Candle in the Attic Window(34)



“Really?” I asked. I was about to ask him more when we reached the crest of the hill we were climbing. The road widened and, just at that moment, a ray of sun burst through the clouds overhead. The house could now be seen suddenly rising, dominating the next ridge over, in all its flamboyant, old-fashioned splendor.

As we approached, it loomed higher and higher, the light glinting off the gingerbread scrollwork that framed the huge front third-story gable. I pulled up into its curving driveway, got out of the car and let my eyes wander – below the trim of the gable, in shadow, the arch of a balcony pointed yet higher to the great tower, half-impaled by the slant to its right, and the cast-iron finialed crest of the main hip roof behind it. And yet above that, thrust to the sky, the three major chimneys – the tallest one crowned with a wired, glass-balled spire that was meant to catch lightning, my new memory prompted – added their own bursting streaks of colour. An almost blood-coloured patterned-brick red, when the sun struck full on it, that, in the jumbled gray and white of friezes and rails of the building below them, was matched alone by the stained-glass red of the tower’s downward-spiraling ovals.

I walked, as if in a dream, to the house – apparently long-repressed memories came back of the tower windows lighting a second and third-story staircase before it curved backward up into the attic. Others of diamond-panes in the front parlour. I scarcely noticed Larabie’s presence until we stood on the broad front veranda.
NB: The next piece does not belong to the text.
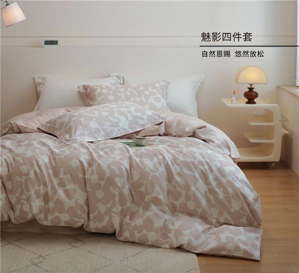 一个温暖治愈的家,不一定是奢华繁复的家居装饰,也不一定是景色宜人的山顶别墅,简简单单的素色美学,也能带来治愈的温馨感受。艾莱依家纺夏纳花园四件套,所选用的素色设计,即是近几年被大众所认可追捧的经典风格,简约不失时尚,简洁而不乏味,在素色空间中,更能让人心绪平和。不仅颜色治愈,夏纳花园选用的天丝棉面料,也特别亲肤细腻,通过“双螺旋”互补纺纱技术,将棉和天丝进行混纺,让面料兼具棉的透气亲肤和天丝的光泽顺滑。同时,运用的白色双拼接与双拼角设计工艺,使床品望去更富有层次感与时尚感,释放一种轻松自然的线条美,宛如艺术品的视觉享受,休憩其中,更让人沉醉放松。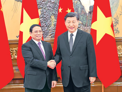 習近平指出,去年中共二十大閉幕后,我邀請阮富仲總書記來訪,共同為中越關系發(fā)展定向把舵。今年是中越建立全面戰(zhàn)略合作伙伴關系15周年,兩國各層級交往日益密切,我同阮富仲總書記達成的共識正在得到落實。中方視越方為周邊外交的優(yōu)先方向和具有戰(zhàn)略意義的命運共同體,這是中方基于兩國關系長遠發(fā)展作出的戰(zhàn)略選擇。面對日益嚴峻復雜的國際形勢,中越兩國要秉持平等互利、團結互信、合作共贏精神,攜手合作、共謀發(fā)展,更好造福兩國人民,為變亂交織的世界注入更多穩(wěn)定性。

“You’ll notice we kept the property up for you, Mr. Parrish,” the lawyer said. “Painted it most recently only last summer, in fact.” He pulled a notebook out of his pocket, along with a large, old-fashioned iron key. “You’ll notice we nailed up the lower-floor windows with furring strips – this far from town, why take any chances? – but, once we’re inside, the smaller fireplaces you’ll see sealed off were boarded up in your grandfather’s time. After they put in the central gas heating.”

I nodded dumbly. Yes. I remembered. One of the lesser, back-left chimneys went down to the basement. I watched as he twisted the key in the door, only half-noticing that it opened with hardly a squeak. I smelled the fresh oil – they had, apparently, kept up the inside as well as the outside – not just of hinges, but of the darkly polished woodwork that surrounded us as we stepped into the shallow, box-like reception hall.

“Just a moment, now, Mr. Parrish.” Larabie spoke in almost a whisper. He handed me the first of the keys then produced a second. He twisted it in a smaller lock, across from the entrance we had just come through, then pushed back the double sliding doors that opened the wall to the huge, oak-paneled, main staircase hall.

“Your mother went with this house, Mr. Parrish,” Larabie said, as he stood aside to let me look. To try to remember. Second only in size to the large formal dining room, the hall, with its stairs angling up to the right and around the back wall, was the dominant feature of the first floor. “Your mother was frail, white-skinned and slender, with pale-blonde hair,” the attorney continued. “There were times when she would descend, the white of her clothes standing out, as well, from the dark wood around her, and look the perfect Victorian lady. Times when I’d come here on legal business ....”

I nodded. I saw. I remembered my mother on that staircase, saw in her now, in retrospect, the thin, almost-sickly Romantic ideal that would have held sway, not so much in her time here, but generations before when the house had been first constructed. I longed now to climb the stairs – now I remembered how she would pause at the corner landing, letting me dash to her so we could go to the main hall together. But first, I had to know something more.

I turned to Larabie.

“You told me, just before we came to the top of the cliff, that my father was murdered. But not my mother ....”

“No, Mr. Parrish. She was the one who called the police – I think I may have said that, already – but, when they arrived here, they came through the sliding doors, just as we did, and the only person they found in the hall was you. You told them your mother had gone away. That was all you would tell them. But when they asked you about your father, you pointed, silently, to the rear archway that leads to the kitchen.”

More memory came back – the memory of blood. Of wanting to forget what I ....

“Under the circumstances,” I heard the attorney continue, as if at a distance, “no one blamed your mother. For leaving you that way. She must have been so horribly frightened – and she did keep her wits about her long enough to make sure help came. She had always been such a frail woman ....”

Incongruously, I thought of my wife, then – fragile and pale. The bride I would send for who, people might say, would fit comfortably in with this house, as well. Then – stark contrast – of yet another detail I suddenly found I remembered. My father had been murdered in the kitchen, had almost staggered out past the pantry, past the back stairs and into the service hall, when he had fallen.

An axe in his back.

I must have begun to look Victorian-pale, myself. I felt the attorney’s hand on my shoulder. Now I remembered the men in uniform, blood being cleaned up in the kitchen later by neighbours, my own panic at missing my mother. My wondering when I would see her come down the main staircase again.

“Mr. Parrish?” Larabie’s voice was very low. “Mr. Parrish – perhaps you’d like to come out for some fresh air?”